Гряду мы взяли на двадцать восьмой минуте.
Люди валились в мокрый вереск. Кузьмин лежал с закрытыми глазами и дышал часто, мелко, как загнанная собака.
— Двадцать восемь, — сказал Зыков.
— Полверсты за двадцать восемь минут, — сказал я вслух, чтобы услышали все. — После сигнала дальнего секрета у нас будет не больше часа. Если повезёт. Сорок минут лазарет уже съел. Считайте сами.
Зыков подошёл, отряхивая грязь с сапог.
— Носильщиков не хватает, — сказал он. — Дай мне ещё девять — уложусь в пятнадцать.
Девять.
Ровно те девять, которых у меня не было ни вчера, ни сегодня, ни завтра.
Я стоял и додумывал то, от чего уходил всю ночь.
Три волокуши съедали двенадцать человек. Убери их — девять закроют недостачу. Трое останутся Зыкову в запас.
Вот и вся арифметика. Больше в ней ничего нет.

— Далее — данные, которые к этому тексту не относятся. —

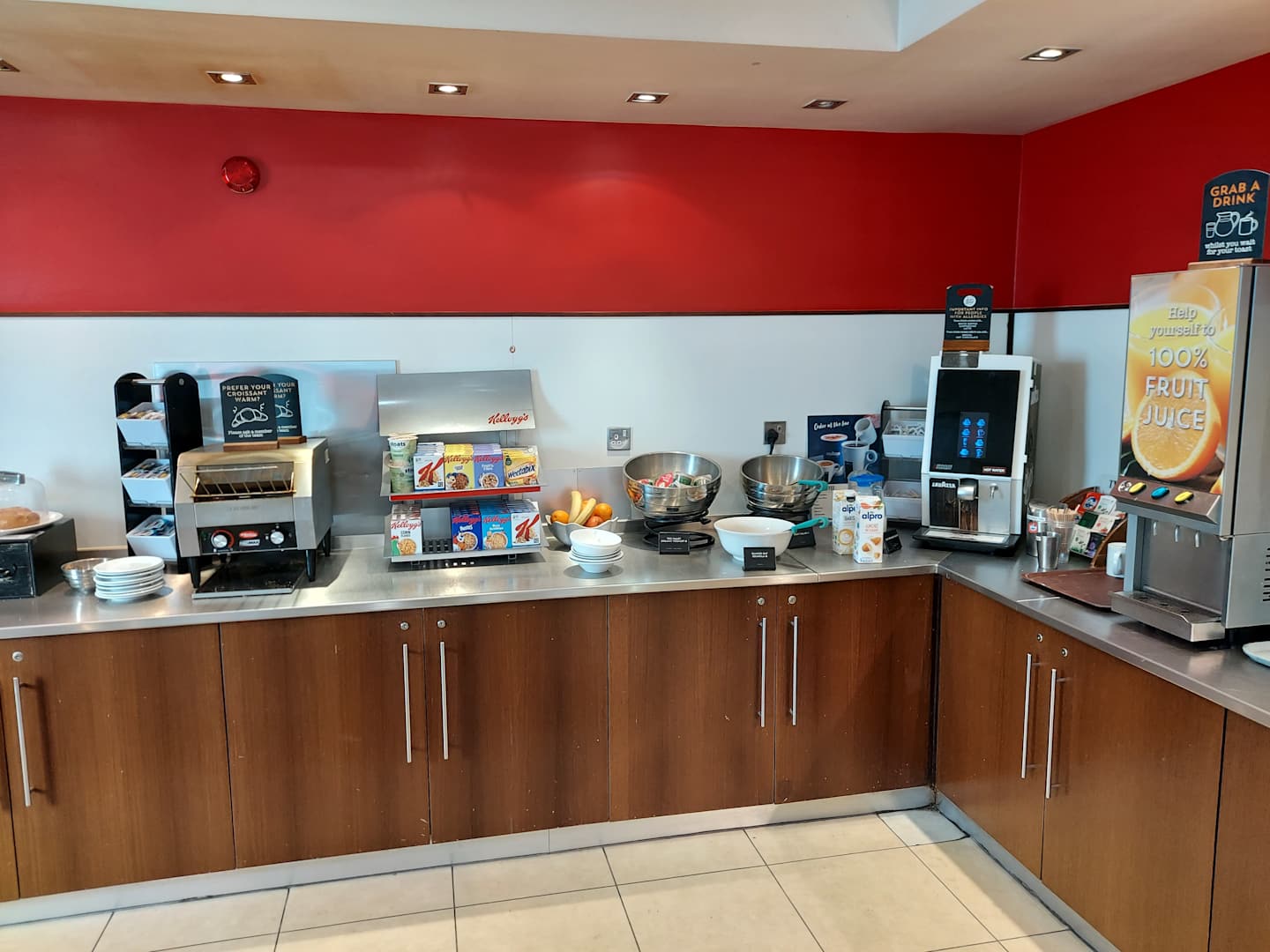Toast, Müsli, Obst, Kaffe, Tee und Saft

— Тяжёлых не выносим, — сказал я.
Стало очень тихо. Даже вереск перестал шуметь, хотя это, конечно, ветер стих.
Даша поднялась с колен.
— Нет, — сказала она.
— Даша…
— Ты мне при всех отдал лазарет. Непререкаемо. Своими руками отдал.

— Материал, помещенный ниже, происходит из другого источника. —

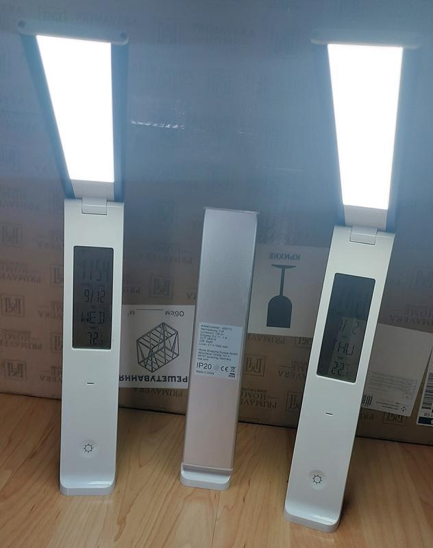 Виробник: Інший виробник Тип лампи: Світлодіодні Тип: Настільні лампи Настільна лампа, ліхтар, світильник на світлодіодах з акумуляторною батареєю з зарядкою на USB. Дісплей показує дату, рік, температуру, є будильник. Габаритні розміри 32*5*4 см в згорнутому стані. В вертикальному розгорнутому стані 50см висотою. Зарядки тримає на 6 годин. Три положення яскравості. Можлива оптова знижки ціни від 10шт.

— Отдал, — сказал я. — И одно решение сейчас забираю обратно. Одно. Кого мы можем поднять и унести — это не медицина. Это арифметика. Я не умею растянуть двенадцать человек на двадцать одно место.
— А что тогда медицина? — тихо спросила она.
— Всё остальное. Что с ними делать, чем поить, как уложить, сколько они протянут. Это твоё, и это твоим останется.
Она смотрела на меня, и я видел, как она перебирает возражения — одно, второе, третье — и как каждое из них разбивается о двадцать восемь минут, которые она сама только что прошла ногами.
— Я останусь с ними, — сказал Костя.
Я обернулся. Он стоял, вцепившись в лямку мешка, и был белый.
— Нет.
— Товарищ командир…
— Нет, Костя. — Я подошёл ближе, чтобы не орать на всю гряду. — Ты знаешь обе нитки, гряду, схрон и родник. Останешься — тебя возьмут вместе с ними. И через час ты покажешь всё, что знаешь. Не потому, что ты слабый. Потому что там не спрашивают. Там просто делают.
Он опустил голову.
Даша отвернулась и закусила губу. Спорить она больше не стала, и это было хуже любого крика.
К лежачим я пошёл сам. Не отправил Дашу, не послал Зыкова.
В дальней землянке пахло сырой глиной, хвоей и гноем. Они лежали втроём, и все трое не спали — на острове всё слышно.
Я сел на корточки у входа и сказал им то, что есть.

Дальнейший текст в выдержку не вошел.